🏈 A 'take no prisoners' tweet on Texas and then piled on top of Sark.

My college football hierarchy goes like this:

Tier 1: Blueblood traditional powerhouses. Teams like Alabama, OU, Ohio State, Michigan, Notre Dame, Nebraska, USC, Texas, Penn State

Tier 2: Decent programs. UF, LSU, Clemson, Miami, FSU, Washington, UGA, Tennessee, Wisconsin, Iowa, Pittsburgh, Arkansas

Tier 3: Envious Littlemans. Auburn, Texas A&M, UCLA, Colorado, Michigan State, Texas Tech, Okie State, USCe, Every college in Mississippi

Tier 4: "Basket is our sport anyway" UK, UNC, Duke, Syracuse

Tier 5: "Yeah well, we care about academics more than anything". Northwestern, Vandy

Tier 6: Basement dwellers happy to win 9 games every once in a while.
 
My college football hierarchy goes like this:

Tier 1: Blueblood traditional powerhouses. Teams like Alabama, OU, Ohio State, Michigan, Notre Dame, Nebraska, USC, Texas, Penn State

Tier 2: Decent programs. UF, LSU, Clemson, Miami, FSU, Washington, UGA, Tennessee, Wisconsin, Iowa, Pittsburgh, Arkansas

Tier 3: Envious Littlemans. Auburn, Texas A&M, UCLA, Colorado, Michigan State, Texas Tech, Okie State, USCe, Every college in Mississippi

Tier 4: "Basket is our sport anyway" UK, UNC, Duke, Syracuse

Tier 5: "Yeah well, we care about academics more than anything". Northwestern, Vandy

Tier 6: Basement dwellers happy to win 9 games every once in a while.

Penn State a blueblood?
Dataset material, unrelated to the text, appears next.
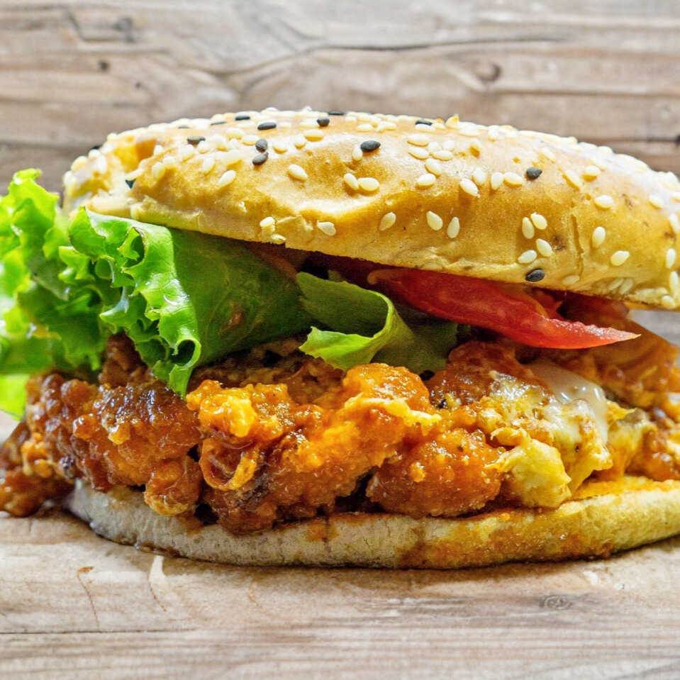 Hamburguesa Pollo Loco con papas francesa

Explain please

They don't have the hardware to back that up and should fall into the Tier 2 or Tier 3 in your example.
 
Penn State a blueblood? Explain please

They don't have the hardware to back that up and should fall into the Tier 2 or Tier 3 in your example.

They just barely make the cut in my list. I have to say that I am more inclined to agree with your input. Penn State is more of a UGA type of team. Both teams are consistently good for the most part, but they lack the hardware to back up their success. I give them a pass because they've been fairly consistently decent since the 1960s and had multiple undefeated seasons throughout the late 60s and into the mid 90s.
 
I was going to say this when people said earlier that they don't consider recent results as a precursor to being a blue blood. Well Yale and Princeton definitely in that group.
I'll be honest, I find it amazing that those Ivy League schools can even find enough masculine males to even field a football team. At my university in Florida, I see freaks of all sorts wandering the campus. I can only imagine how much worse it is at a place like Harvard or Yale.
 
I'd argue we'd be in the same spot if it wasn't for Coach Moore going after CNS.
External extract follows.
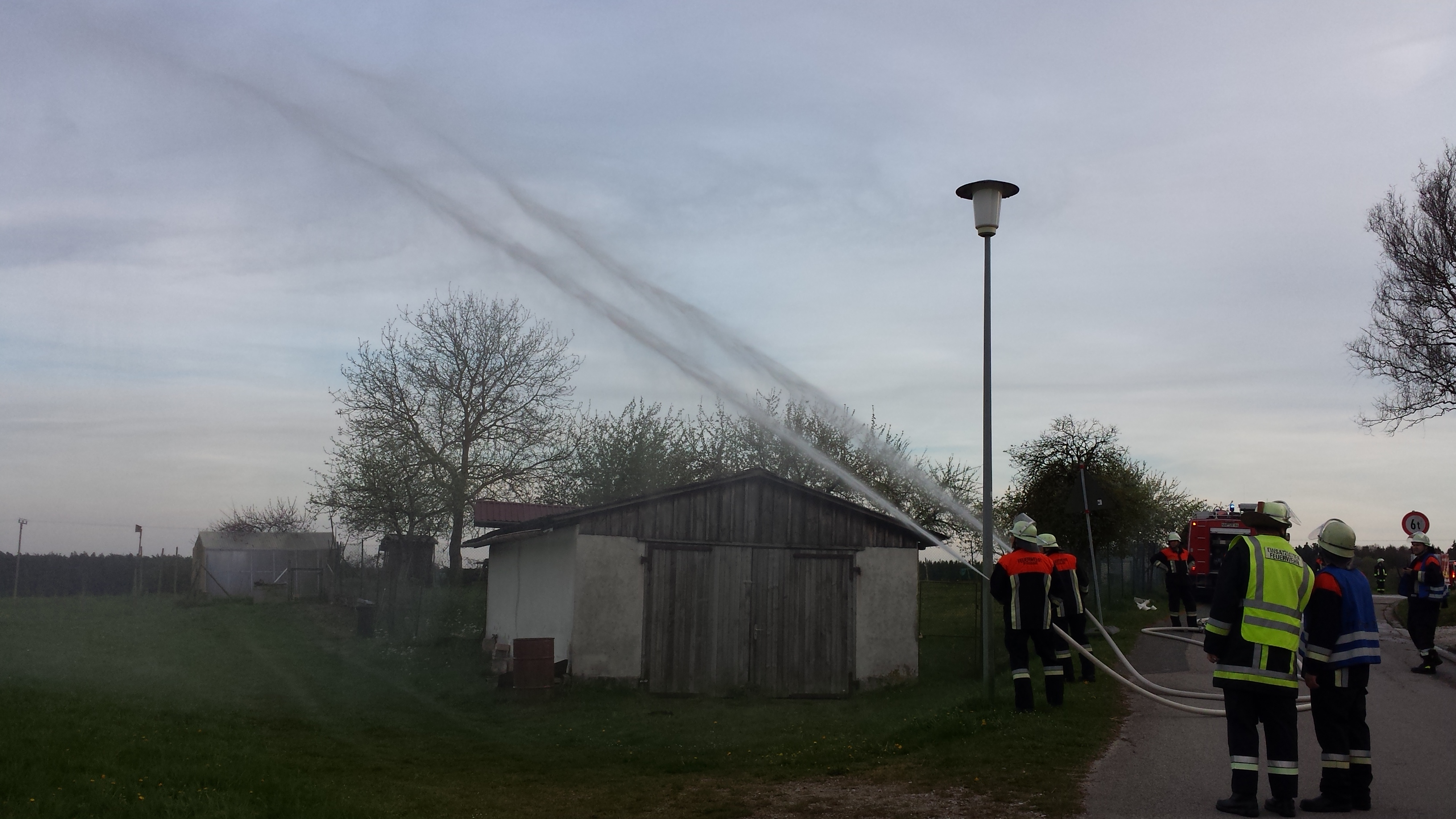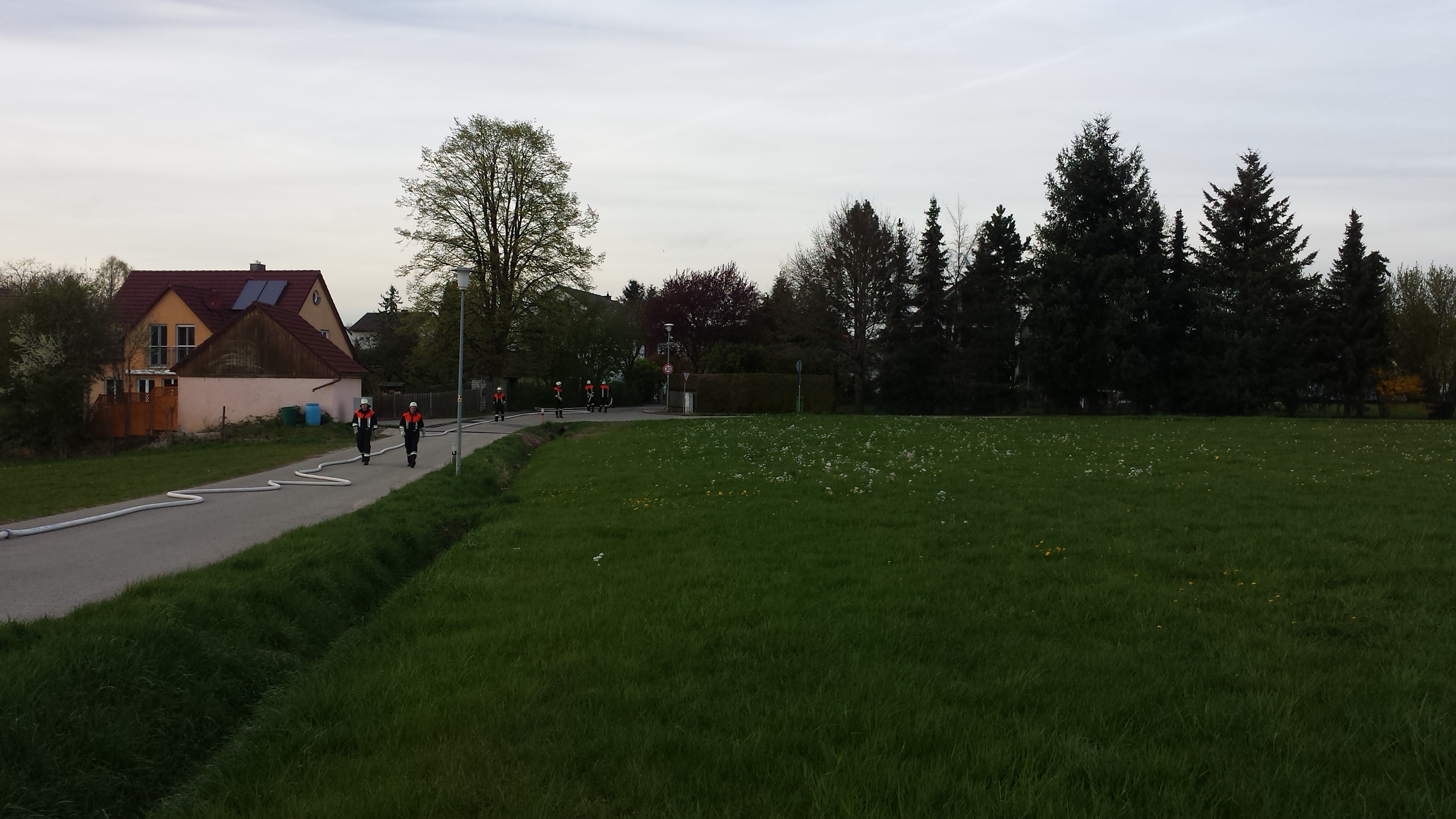 Die beiden Gruppen der Feuerwehr Pyrbaum übten am Sonntag 23. und Montag 24.04.2017 (mit Jugendfeuerwehr) einen Löschaufbau mit verlegen einer langen Schlauchleitung zum Aufbau einer zweiten Wasserversorgung.

Can't take away our past, can't take away their past. Which is why they're a blueblood.
Yep...cant disagree ...i guess...overhyped blueblood though

And i dont know anybody could have done what nick has done....
But allcoaches after Bear still had some success....((cept 1 that never got to coach a real game)....so i think bama would have been off n on up there..
 
Texas proves you can't live on name alone.

Funny because I remember reading the article in Texas Monthly about Deloss Dodds (AD at Texas at the time). I posted it here back in 2008, its a great read, Come Early. Be Loud. Cash In.
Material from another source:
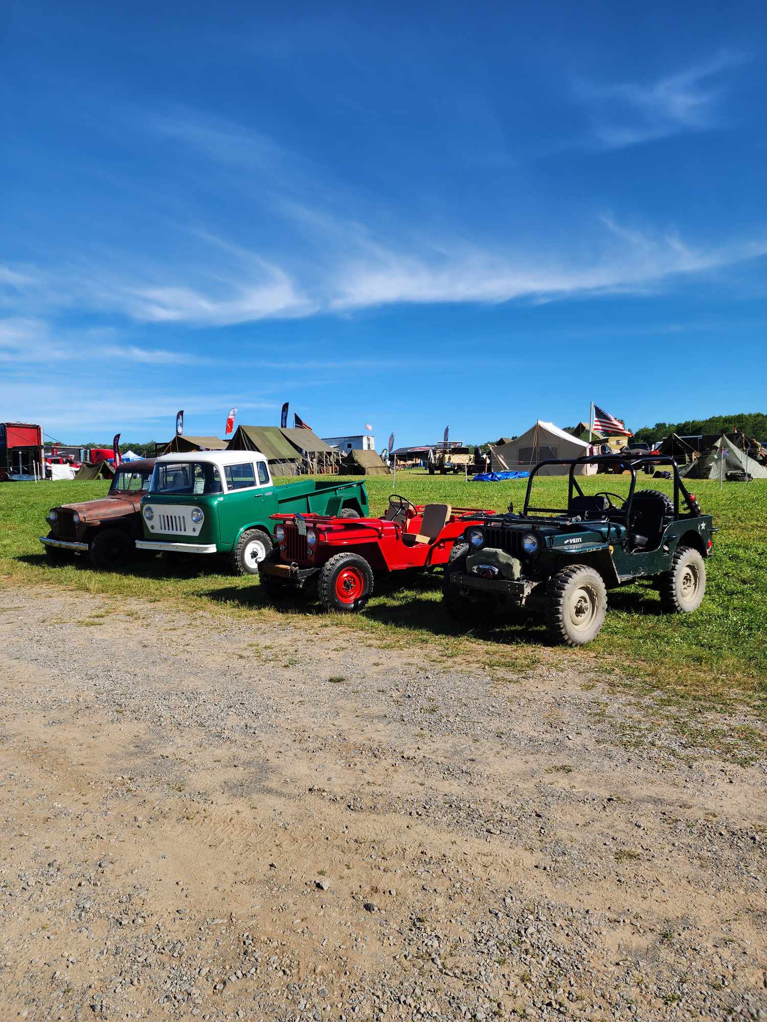 Thanks to Roger Martin for sharing these Saturday morning photos from the Bantam Festival’s jeep history display. You can see Roger’s M-677 and his FC Fire Truck in a couple photos.

If you think back to their trajectory at the time, basketball, baseball, football were on fire at the same time. And it eventually stopped.

Deloss was ahead of his time, he's been greatly missed in Austin.

But this also tells the story that you have to keep adapting to the ever changing landscape. This is true in every business and even more critical now than in years past.

Texas, like Texas A&M could be a very hard program to compete against given the right leadership and vision. They have arguably the deepest pockets in college athletics.